The House of Ptolemy Annex
c-net Internet Coin Project:
Recording Unique or Otherwise Unpublished Numismatic Items
Obverse: veiled female bust, facing right.
Reverse: human figure seated on a flying eagle or swan.
The style of the coin would suggest an origin somewhere in Phoenicia. The coin originally came from a dealer who's stock came from the area.

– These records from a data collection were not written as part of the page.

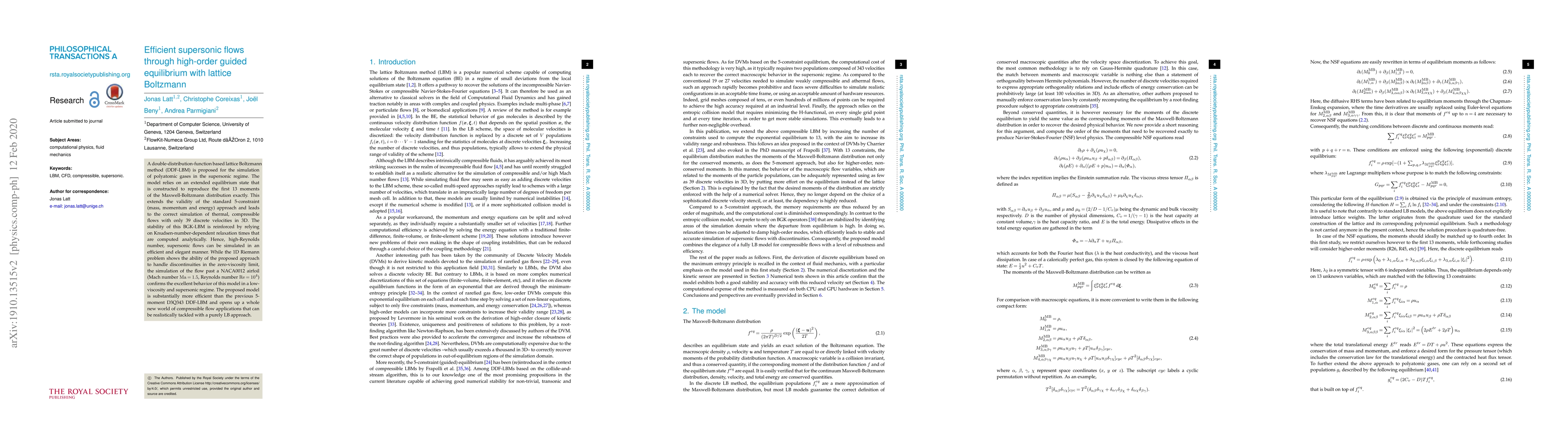 A double-distribution-function based lattice Boltzmann method (DDF-LBM) is proposed for the simulation of polyatomic gases in the supersonic regime. The model relies on an extended equilibrium state that is constructed to reproduce the first 13 moments of the Maxwell-Boltzmann distribution exactly. This extends the validity of the standard 5-constraint (mass, momentum and energy) approach and leads to the correct simulation of thermal, compressible flows with only 39 discrete velocities in 3D. The stability of this BGK-LBM is reinforced by relying on Knudsen-number-dependent relaxation times that are computed analytically. Hence, high-Reynolds number, supersonic flows can be simulated in an efficient and elegant manner. While the 1D Riemann problem shows the ability of the proposed approach to handle discontinuities in the zero-viscosity limit, the simulation of the flow past a NACA0012 airfoil (Mach number $\mathrm{Ma}=1.5$, Reynolds number $\mathrm{Re=10^4}$) confirms the excellent behavior of this model in a low-viscosity and supersonic regime. The proposed model is substantially more efficient than the previous 5-moment D3Q343 DDF-LBM and opens up a whole new world of compressible flow applications that can be realistically tackled with a purely LB approach.
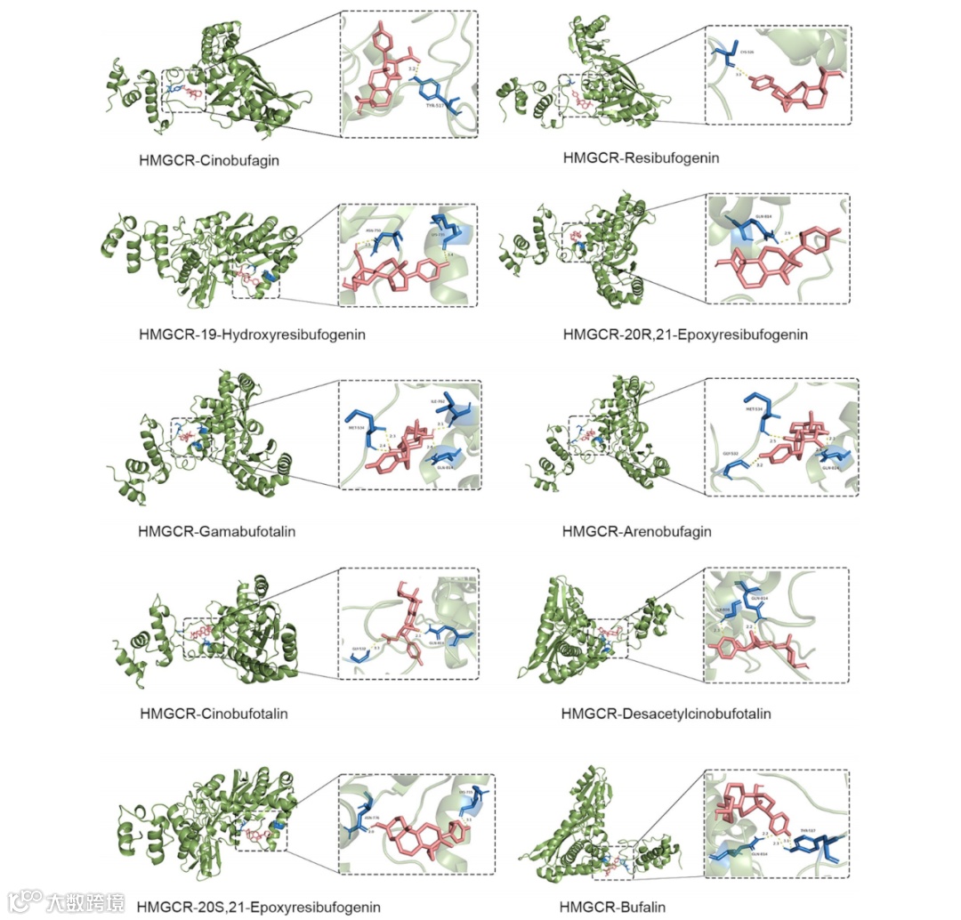 HCSI处理后SAOS2和U2OS细胞中HMGCR、HIF-1A和BACE1的qRT-PCR分析结果显示仅HMGCR表达显著下调(图5A);基于TARGETOS数据集的HMGCRmRNA表达的Kaplan-Meier总生存曲线显示高表达患者生存率更低(p=0.0287,图5B)。lncRNAs-miRNAs-HMGCR网络(图5C)、HCSI处理后SAOS2和U2OS细胞中miR-27a-3p和miR-206的qRT-PCR分析(图5D)及10个lncRNA的表达变化(BCYRN1表达显著降低,图5E)共同确定BCYRN1-miR-27a-3p-HMGCR轴。10种化合物与HMGCR的分子对接结果可视化中,绿色部分代表HMGCR蛋白,红色部分代表化合物,黄色虚线为氢键相互作用,蓝色部分为参与氢键的氨基酸残基,结合能均低于-7kJ・mol⁻¹(图7)。
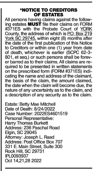 All persons having claims against the following estates MUST file their claims on FORM #371ES with the Probate Court of YORK County, the address of which is P. O. Box 219, York SC 29745, within eight (8) months after the date of the first publication of this Notice to Creditors or within one (1) year from date of date, whichever is earlier (SCPC 62-3-801, et seq.) or such persons shall be … Continue reading *NOTICE TO CREDITORS OF ESTATES
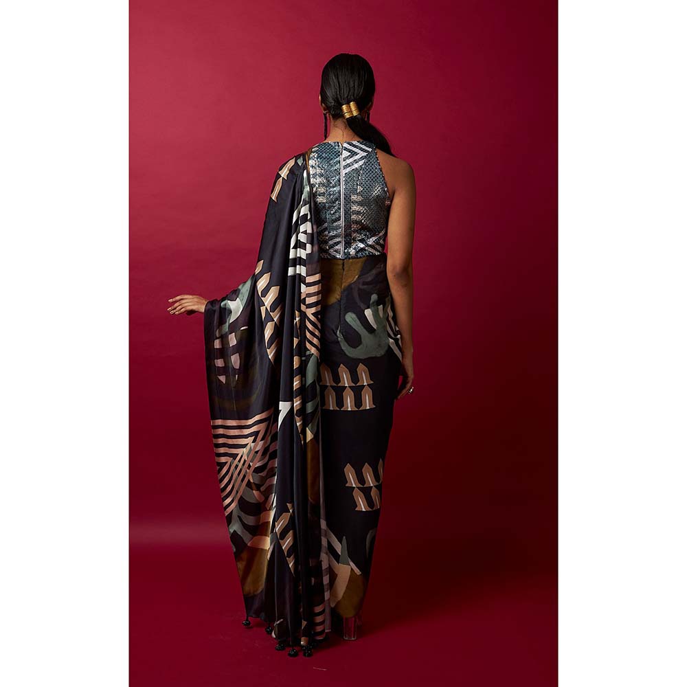 Description : Channel your inner diva with this multi-colour saree from Vedika M. Crafted from satin fabric. It features an exquisite printed design. It is paired with a sleeveless design blouse. Style it with a pair of heels and diamond earrings for an elegant look.
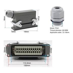 Essa tomada industrial suporta uma tensão de até 500V e corrente de 16A. Seus conectores são compatíveis com fios de 0.5 a 4 milímetros de espessura. O torque do parafuso recomendado para a instalação é de 0.5 N.m.
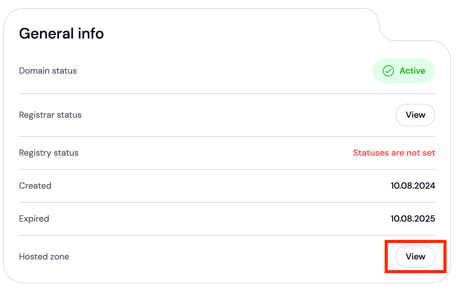 To check your DNS record, navigate to 'General Info' at the top of the page. Here, search for 'Hosted Zone' and click 'View'.
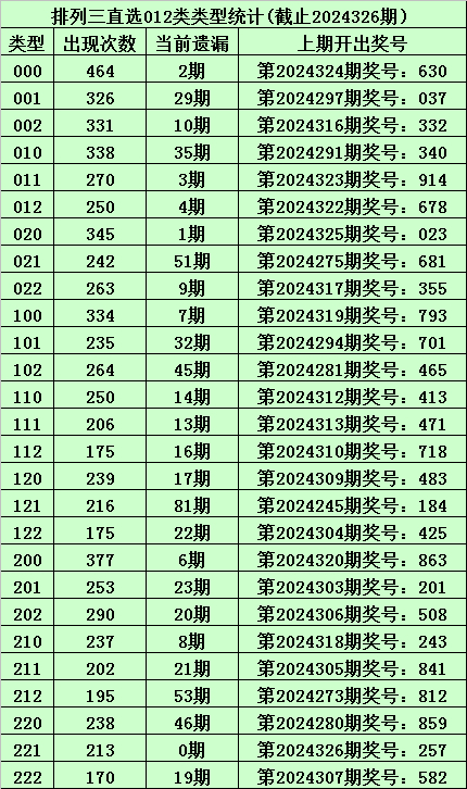 上期回顾:体彩排列三第2024326期开出奖号:257,其012路比为0:1:2,奖号012路类型为:221。

The coin appears to me to be from Marathos during the time they were putting the busts of Ptolemaic rulers such as Queen Berenice on thier small denomination bronzes. This would place it ca. 220 BC. The bust can quickly be checked against coins in Sear's Greek Coins (Vol. 2, Africa), Marathos. I've not seen a similar reverse for this type, but I don't have the proper books to check.Best guess so far is that the coin is part of the series from Marathos that depicts Berenice of Egypt. The reverse could represent either the god Apollo riding the swan Cycnus or it may be Berenice herself being taken to the skies after her death*, ca 269BCE. If the latter, this is an otherwise unique and representation of apotheosis of a Ptolemaic sovereign. There is however a possibility the coin might be a Roman type for the region.
*For example see:
(37 BC) THE ECLOGUES by Virgil====================================================
ECLOGUE IX -- MOERIS (speaking to LYCIDAS):
Ay, or to Varus that half-finished lay,
"Varus, thy name, so still our Mantua live-
Mantua to poor Cremona all too near-
Shall singing swans bear upward to the stars."